It’s no secret that the housing market has endured a torrid time in recent years. The Brexit effect has seen prices stagnate since 2016 while 2020 has been a challenging year for many people.

But how will all of this translate into house price movement for the year ahead? Is the market likely to come surging back or do experts anticipate a total collapse?

Here’s a closer look at the factors which could play a part, and the overall prediction.

Stamp Duty Break

In 2020, the government announced a stamp duty holiday, applicable to house purchases up to £500,000. This move will cost the Treasury an eye-watering £1.3 billion, but it was considered to be a necessary expense to try and encourage movement in the sluggish market.

The move could save as much as £15,000 on a property worth £500,000, so the benefit is substantial. Not everyone benefits from the policy; homeowners in Scotland and Wales pay taxes set by their own devolved governments. First-time buyers would also gain limited value from the announcement as for them, properties worth up to £300,000 are exempt from stamp duty.

Despite the caveats, the response to the stamp duty break has been positive, and the end of 2020 has been a busy time for the housing market. The stamp duty holiday is due to end in March 2021, and it’s not yet known whether the government will consider an extension. If it doesn’t, there could be a sharp cliff-edge as cautious buyers put a hold on making a purchase, in the absence of any financial help.

Brexit

It’s impossible to predict house prices for 2021 without mentioning the Brexit effect. The last four years have been difficult for the market, with the uncertainty of what the future will look like on both sides of the Channel.

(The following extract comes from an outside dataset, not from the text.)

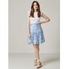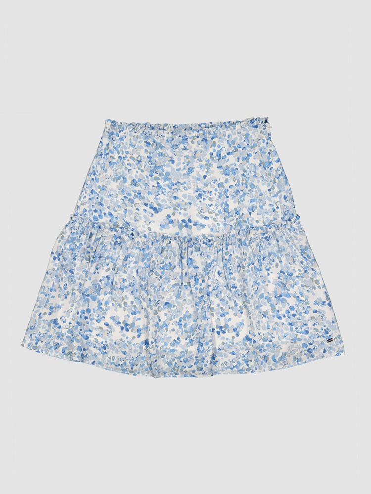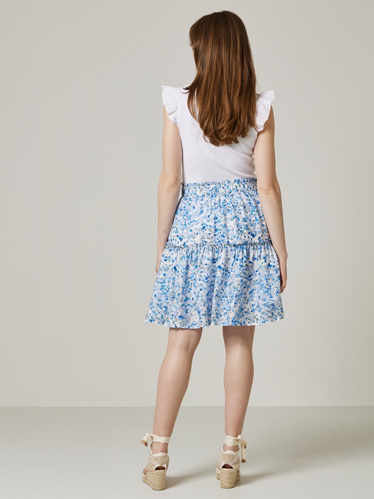 Delikat blomstret kappeskjørt i viskose med glidelås i siden og elastisk linning bak. Skjørtet har innvendig fôr, glatt hofteparti og kappe med en liten rysjekant. En liten logobadge i metall nede på siden. Lengde ca til kneet.

It’s looking increasingly as if a No-Deal will be the outcome of talks, and this could be devastating for house prices. The general consensus is that 5-7% could be wiped off the price of houses if no trade deal is struck.

Recession

The global economy has nosedived in 2020, with many countries forced into one of the most significant recessions they’ve ever faced. The UK is no exception, and the government has warned that there will be tough decisions to make, especially as they withdraw additional financial support from those who have struggled the most.

In any recession, house prices suffer. Looking back to 2007/2008, another difficult financial period, house prices dropped by around 20%. Unemployment simultaneously rocketed by 60%, and there are fears that the same could happen again now. A million jobs were lost in 2020, and it’s forecast that a further million will also be axed in the coming months. That leaves a lot of people facing economic uncertainty, and a market teetering on the brink.

What Does All This Mean?

Of course, it’s impossible to be entirely sure about the future of house prices, and right now, there’s even more volatility than usual. With many huge factors playing a part, making an accurate prediction is a challenge. If you hold onto a property for long enough, it will always increase in value eventually; since 1982, prices have risen by around 900%. However, in the short term, that may not be the case. Experts are cautiously predicting very modest growth in house prices during 2021 with better performances in the medium term, as prices start to increase between 2022-2024.

It’s worth mentioning that it’s impossible to rule out a complete crash in 2021. However, the market has shown surprising resilience in 2020, so a crash is not believed to be the most likely outcome.